=== Begin Enclosure ===

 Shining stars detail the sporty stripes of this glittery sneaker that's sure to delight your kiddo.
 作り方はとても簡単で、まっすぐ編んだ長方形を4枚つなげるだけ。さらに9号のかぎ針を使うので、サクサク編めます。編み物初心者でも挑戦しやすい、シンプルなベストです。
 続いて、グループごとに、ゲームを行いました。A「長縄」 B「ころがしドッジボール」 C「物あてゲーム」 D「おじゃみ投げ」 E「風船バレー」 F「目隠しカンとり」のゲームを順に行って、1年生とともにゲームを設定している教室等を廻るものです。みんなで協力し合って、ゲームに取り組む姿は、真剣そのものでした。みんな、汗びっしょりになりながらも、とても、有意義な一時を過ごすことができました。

=== End Enclosure ===
=== Begin Enclosure ===

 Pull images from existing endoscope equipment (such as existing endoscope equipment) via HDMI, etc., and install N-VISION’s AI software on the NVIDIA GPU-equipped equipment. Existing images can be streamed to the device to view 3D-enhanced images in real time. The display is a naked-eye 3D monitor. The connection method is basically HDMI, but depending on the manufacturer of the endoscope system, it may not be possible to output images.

=== End Enclosure ===

_Exercise directions:_
Beginning with the line containing "Shining stars detail" and ending with the line containing "続いて、グループごとに、ゲームを行いました。A「長縄」 B「ころがしドッジボール」 C「物あてゲーム」", extract those lines exactly from the listing above, and only those.

_Answer for this exercise:_
 Shining stars detail the sporty stripes of this glittery sneaker that's sure to delight your kiddo.
 作り方はとても簡単で、まっすぐ編んだ長方形を4枚つなげるだけ。さらに9号のかぎ針を使うので、サクサク編めます。編み物初心者でも挑戦しやすい、シンプルなベストです。
 続いて、グループごとに、ゲームを行いました。A「長縄」 B「ころがしドッジボール」 C「物あてゲーム」 D「おじゃみ投げ」 E「風船バレー」 F「目隠しカンとり」のゲームを順に行って、1年生とともにゲームを設定している教室等を廻るものです。みんなで協力し合って、ゲームに取り組む姿は、真剣そのものでした。みんな、汗びっしょりになりながらも、とても、有意義な一時を過ごすことができました。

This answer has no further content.